With multi-head attention, we maintain separate Q/K/V weight matrices for each head, resulting in different Q/K/V matrices. As before, we multiply X by the WQ/WK/WV matrix to produce the Q/K/V matrix.


If we do the same self-attention calculation outlined above, only with different weight matrices eight different times, we end up with eight different Z matrices

This presents us with some challenges. The feedforward layer doesn't need eight matrices - it expects a single matrix (vector for each word). Therefore, we need a way to compress these eight into one matrix.

How do we do this? We concatenate the matrices and multiply them by an additional weight matrix WO.

That's pretty much all the bulls are ego-focused on. I realize this is quite a lot of matrices. Let me try and put them all in one visual so we can see them all in one place

Now that we've touched the attention heads, let's revisit our previous example to see where the different attention heads focus when we encode the word "it" in our example sentence:


When we encoded the word "it", one attention head paid most attention to "animal", while the other focused on "tired" - in a sense, the model's response to the word "it" The representation incorporates some representations of "animal" and "exhaustion".

But things can be harder to explain if we add all the attention to the picture:

Nine, using positional encoding to indicate the order of the sequence

        One thing missing from the model so far is a way to account for the order of words in the input sequence.

        To solve this problem, the transformer adds a vector to each input embedding. These vectors follow specific patterns learned by the model, which help it determine the position of each word or the distance between different words in a sequence. The intuition here is that adding these values ​​to the embeddings provides a meaningful distance between embedding vectors once they are projected into Q/K/V vectors and during dot product attention.

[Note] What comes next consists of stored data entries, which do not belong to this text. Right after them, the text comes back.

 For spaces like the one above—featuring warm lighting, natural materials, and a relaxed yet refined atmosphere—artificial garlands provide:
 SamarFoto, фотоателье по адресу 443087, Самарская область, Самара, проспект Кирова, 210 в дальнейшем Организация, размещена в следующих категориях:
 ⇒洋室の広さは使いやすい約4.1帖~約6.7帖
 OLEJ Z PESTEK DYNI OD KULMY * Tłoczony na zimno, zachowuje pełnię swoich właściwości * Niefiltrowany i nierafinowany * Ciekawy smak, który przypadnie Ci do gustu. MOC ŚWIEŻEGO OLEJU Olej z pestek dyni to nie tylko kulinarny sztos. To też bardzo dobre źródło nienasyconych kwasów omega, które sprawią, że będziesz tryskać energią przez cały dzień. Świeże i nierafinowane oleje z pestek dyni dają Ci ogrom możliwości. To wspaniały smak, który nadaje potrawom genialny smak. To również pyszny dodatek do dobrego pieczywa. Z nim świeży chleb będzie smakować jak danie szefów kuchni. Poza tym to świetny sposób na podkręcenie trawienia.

In order for the model to understand the order of words, we add positional encoding vectors - whose values ​​follow a specific pattern.

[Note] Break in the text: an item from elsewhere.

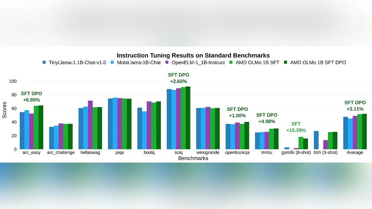 Тесты показали, что модели OLMo превосходят аналоги в оценках производительности и многозадачности. AMD сообщает, что OLMo превзошла такие открытые модели, как TinyLlama и MobiLlama, показав значительное улучшение в бенчмарках, включая прирост точности на 5,09% в MMLU и на 15,32% в GSM8k. В тестах на выполнение инструкций модели OLMo обошли конкурентов в AlpacaEval 2 Win Rate на 3,41%, а в диалоговых сценариях MT-Bench улучшили показатели на 0,97%.

        If we assume the dimensionality of the embedding is 4, the actual positional encoding looks like this:


A real example of positional encoding with a toy embedding of size 4

        What might this pattern look like?

        In the figure below, each row corresponds to a vector of positional encodings. So the first row is the vector we add to the embedding of the first word in the input sequence. Each row contains 512 values ​​- each value has a value between 1 and -1. We've color coded them so the pattern is visible.


A real example of positional encoding of 512 words (rows) with an embedding size of 20 (columns). You can see that it seems to split in half down the center. This is because the values ​​in the left half are generated by one function (using sine) and the values ​​in the right half are generated by another function (using cosine). They are then concatenated to form each position encoding vector.

        The formulation of positional encoding is described in the paper (Section 3.5). You can   see the code used to generate the positional encoding in get_timing_signal_1d() . This is not the only possible way of position encoding. However, it has the advantage of being able to scale to unseen sequence lengths (for example, if the model we train is asked to translate a sentence longer than any sentence in our training set).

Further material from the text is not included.